TC Media/Catherine Paquette La construction, trop près de la façade du bâtiment selon la Ville, a été érigée sans permis par Telus Communications.

Montréal veut empêcher l’installation d’antennes par Telus Communications sur un bâtiment de la rue Ontario Est dans Hochelaga-Maisonneuve. La Ville a déposé en décembre une demande d’injonction à la Cour supérieure afin de suspendre des travaux entamés sans permis.

Les procédures judiciaires visent Telus, qui a débuté à la fin de l’automne la construction de la structure, ainsi que les Studios Giovannelli, propriétaire du 3081, rue Ontario. En plus de contrevenir au règlement d’urbanisme, la compagnie de télécommunications n’a pas demandé l’approbation de l’arrondissement de Mercier – Hochelaga-Maisonneuve pour réaliser ses travaux sur le toit.

La Ville reproche aussi à Telus d’avoir érigé les murs trop près de la façade du bâtiment.

«Le dégagement requis devrait être de 2,4 m, alors qu’il est plutôt de 0,25 m et le dégagement du côté de la construction donnant sur la ruelle devrait être de 2,4 m alors qu’il est de 2,04 m», peut-on lire dans la requête.

Légitimité
Le chantier se serait poursuivi malgré les avis envoyés par l’arrondissement au début de l’hiver.

Telus stipule de ne pas être dans l’obligation de consulter les autorités locales.

«La planification, la construction, l’amélioration et l’exploitation du réseau de télécommunication sans fil sont des activités qui relèvent de la compétence législative exclusive [du fédéral]», a fait savoir l’avocat de la compagnie, Me Mathieu Quenneville, dans un courriel acheminé à la Ville de Montréal. 

Industrie Canada précise effectivement sur son site Internet que certains projets de radiocommunication peuvent contourner les procédures d’approbation des administrations municipales.

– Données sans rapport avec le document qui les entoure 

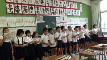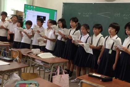 運動会で歌う歌を練習しました。元気いっぱいの歌声が教室に響きました。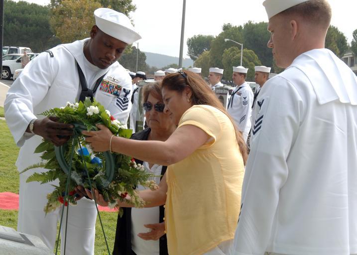 | Keywords: US Navy 100917-N-3931M-174 Family members place a wreath on the Prisoner of War and Missing in Action Memorial at Naval Hospital Camp Pendleton.jpg en CAMP PENDLETON Calif Sept 17 2010 Esmeralda Denton center left wife of Hospital Corpsman 3rd Class Manuel Reyes Denton and their daughter Barbara Denton-Brownell place a wreath on the Prisoner of War and Missing in Action Memorial at Naval Hospital Camp Pendleton during a service of remembrance on National POW/MIA Recognition Day Assisting Denton are Petty Officers 1st Class Walter Hooks left and Alex Isenhour U S Navy photo by Mass Communication Specialist 1st Class Michael R McCormick/Released 2010-09-17 100917-N-3931M-174 Navy http //www navy mil/view_image asp id 92142 U S Navy photo by Mass Communication Specialist 1st Class Michael R McCormick PD-USGov-Military-Navy Marine Corps Base Camp Pendleton National POW/MIA Recognition Day Memorial wreaths |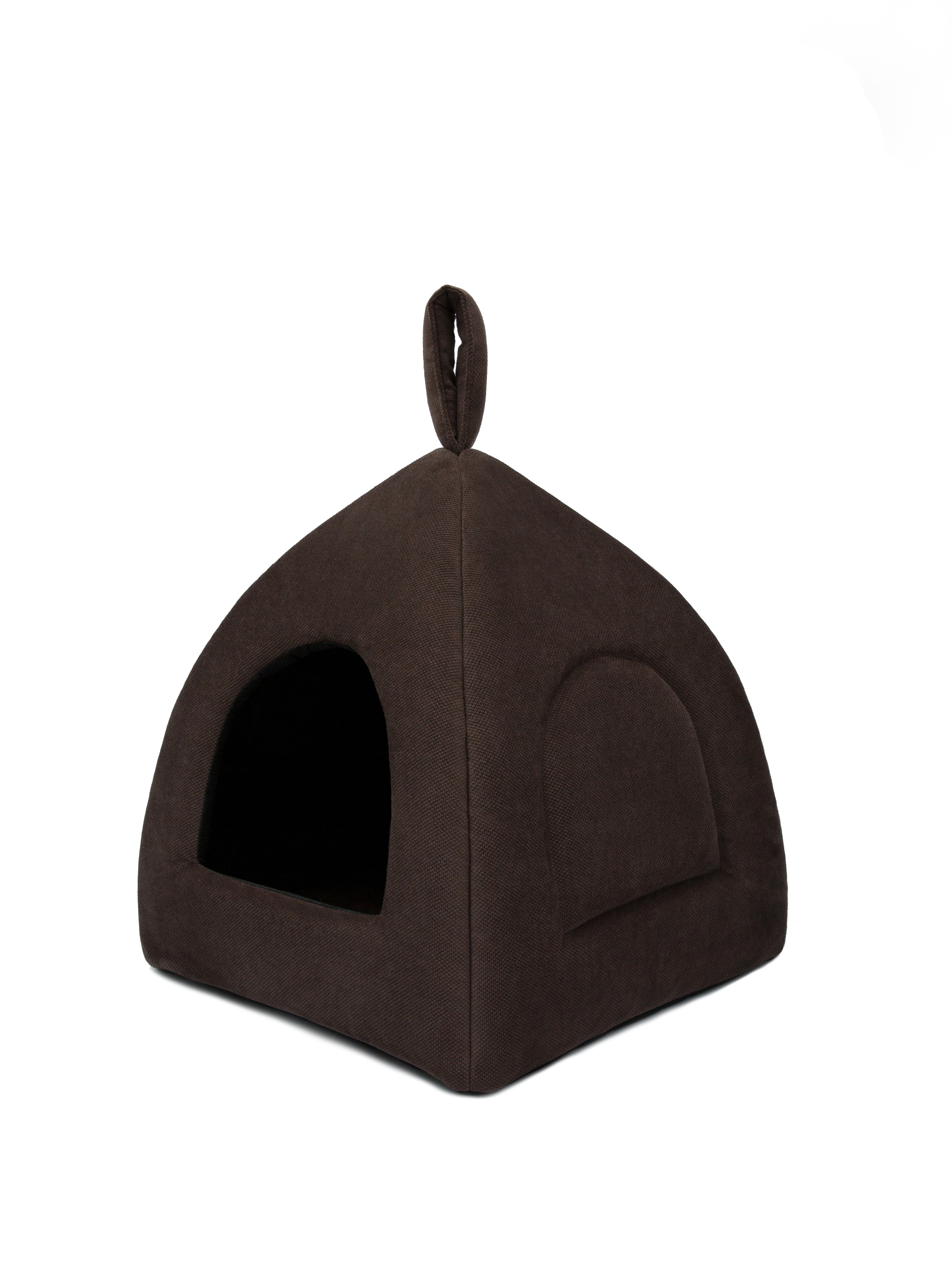 Мягкий домик "Юрта" для кошек, собак и животных с подушкой, 35х35х40см, коричневый, YUGA

Les structures sans pylônes installées sur des édifices sont exemptées «pourvu que la hauteur au-dessus du sol [de celles-ci] ne soit pas augmentée de plus de 25 %.»

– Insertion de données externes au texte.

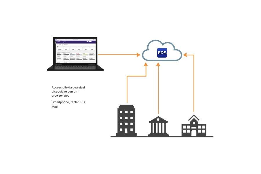Si può accedere a ERS ovunque tramite PC, tablet o smartphone, senza dover eseguire l’installazione sul server in locale ed eliminando la relativa manutenzione.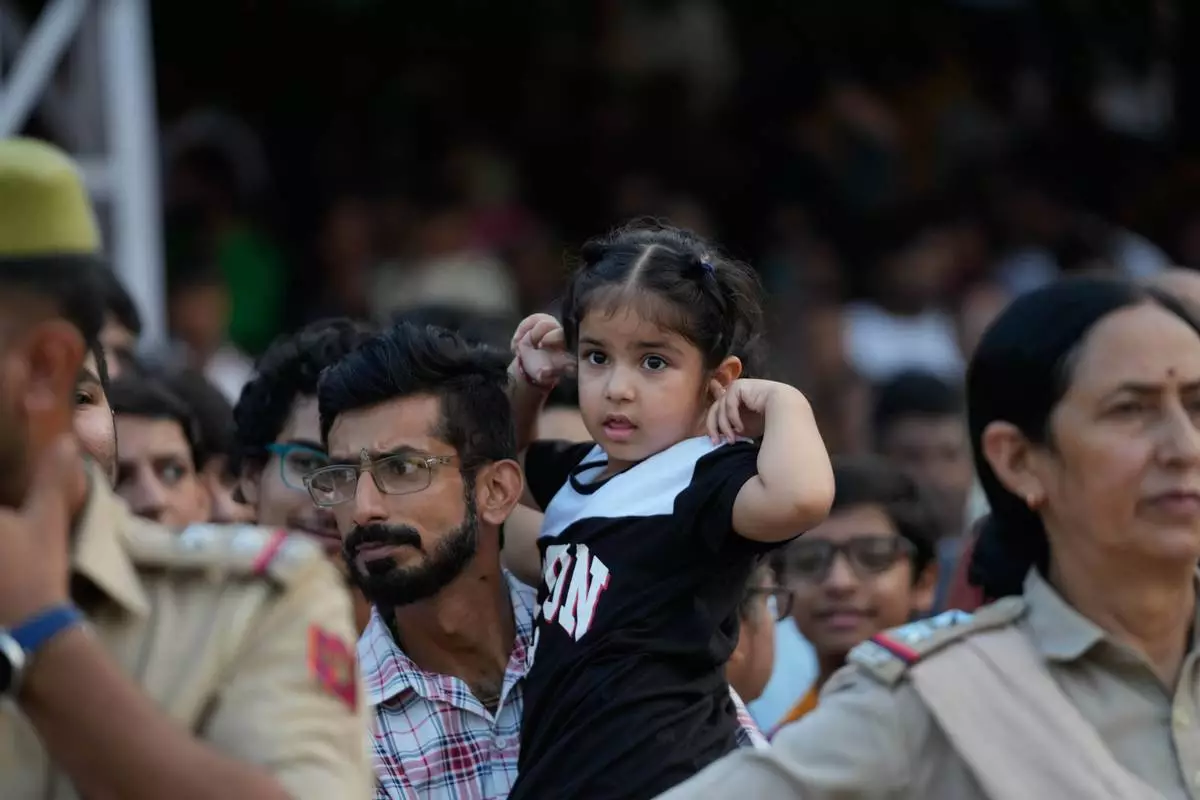 People watch a procession during Dussehra festival in Jammu, India, Thursday, Oct.2, 2025.(AP Photo/Channi Anand)

Le projet de Telus ferait donc partie de ces exceptions.

Réglementation
Toutefois, les promoteurs doivent avoir en main un certificat d’autorisation pour les constructions hors toit et les projets d’installations d’antennes de télécommunications, selon le règlement de l’arrondissement.

Les tribunaux traitent ce genre de dossier au cas par cas, affirme le spécialiste en droit municipal, Me Louis Beauregard.

«Les règlements municipaux ne peuvent pas entraver une activité [fédérale]. C’est comme pour les boîtes postales: Postes Canada les met où elle veut. Je ne pense pas qu’un règlement d’arrondissement va interdire à Telus des choses qu’ils ont déjà obtenu», explique le juriste.

Montréal espère avec cette demande d’injonction faire arrêter les travaux, mais exige également le retrait de la structure construite par Telus Communications.

On ignore quand la requête sera entendue à la cour, puisque les deux parties ont demandé le report des procédures à deux reprises.